Cesarean Section Clinical Trial
Official title:
Role of Co-administered Dexamethasone in Transversus Abdominis Plane Block After Cesarean Section: A Randomized, Double-blind Controlled Trial
Our aim to study the efficacy of bupivacaine 0.25% with dexamethasone and that of bupivacaine
0.25% alone in transversus abdominis plane (TAP) block for postoperative analgesia in
patients undergoing an elective Caesarean section.
- Group 1: bupivacaine 0.25% + dexamethasone 8 mg
- Group 2: bupivacaine 0.25% A prospective Randomized Interventional double-blind study.
The pain and discomfort following cesarean delivery are mostly due to the abdominal wall
incision and dissection of muscles; it delays early ambulation and breastfeeding. This can
lead to postoperative complications such as thromboembolic disorders. So, providing an
effective and safe postoperative analgesic method seems to be mandatory. Opioid analgesia
remains the most effective means of relieving pain in a wide variety of conditions; however,
it may cause adverse effects such as nausea, vomiting, pruritus, urinary retention, and
respiratory depression. As the analgesia and the side effects of opioids are dose-dependent,
a multimodal approach may enhance analgesia, which in turn would decrease the side effects .

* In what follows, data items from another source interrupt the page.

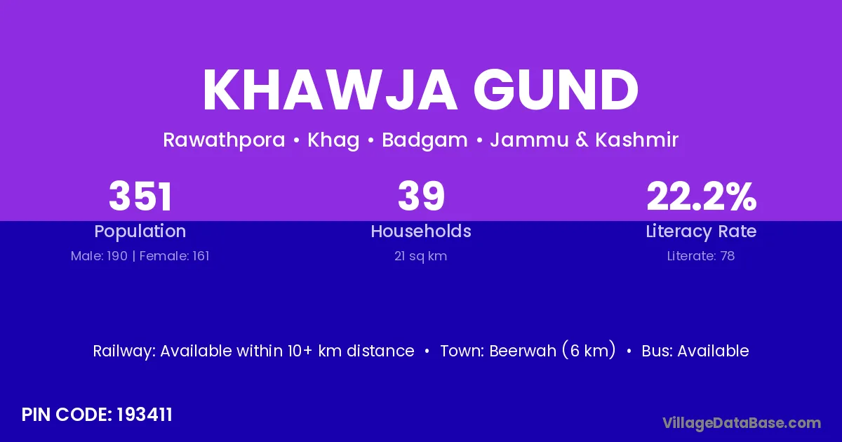 Beerwah (6 km) is the nearest town to Khawja Gund village for major economic activities and is located approximately 6 km away.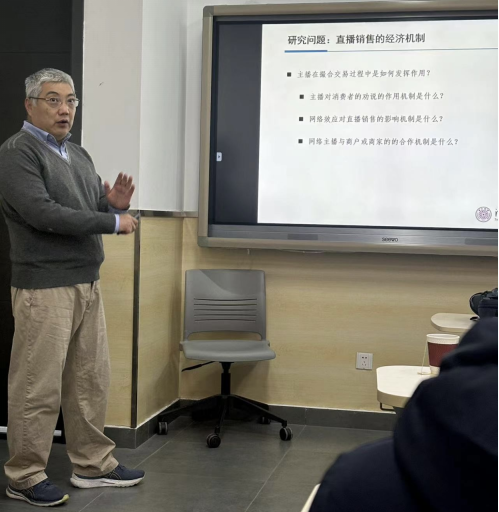 2023年11月28日,清华大学经济学研究所教授王勇应今年会jinnianhui官网邀请,开展题为“网络直播销售的贝叶斯劝说机制:理论与证据”的讲座。讲座由今年会jinnianhui官网尹振东教授主持,龚雅娴副教授、王麒植副教授、尹训东副教授、刘航研究员和李东阳助理研究员以及今年会jinnianhui官网部分学生代表参加了讲座。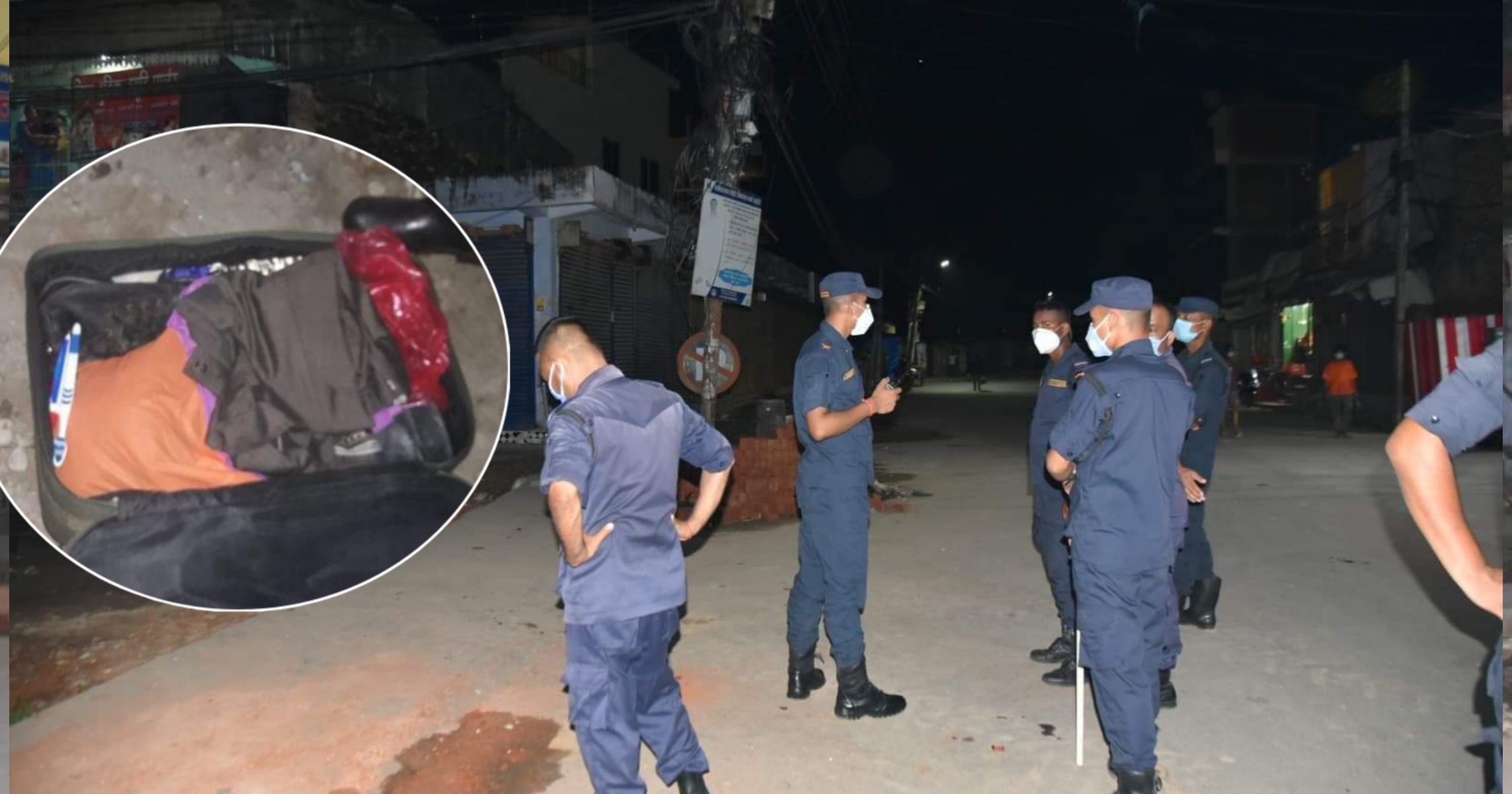 माेडकाे उत्तर पश्चिम पट्टी घर अगाडिको चाैताराेमा शुटकेश फेला परेपछि स्थानीयले प्रहरीलाई खबर गरेका थिए । लगत्तै पुगेकाे प्रहरीले साे क्षेत्रमा सावधानी अपनाएकाे थियाे ।

Mc Donnell and colleagues have reported that a transversus abdominis plane (TAP) block can
decrease the postoperative pain following abdominal surgery. The landmarks of this block were
first described in 2001 by Rafi. The TAP block has been performed for postoperative analgesic
control in patients undergoing radical prostatectomy, hysterectomy, cesarean delivery under
spinal anesthesia, and laparoscopic surgery.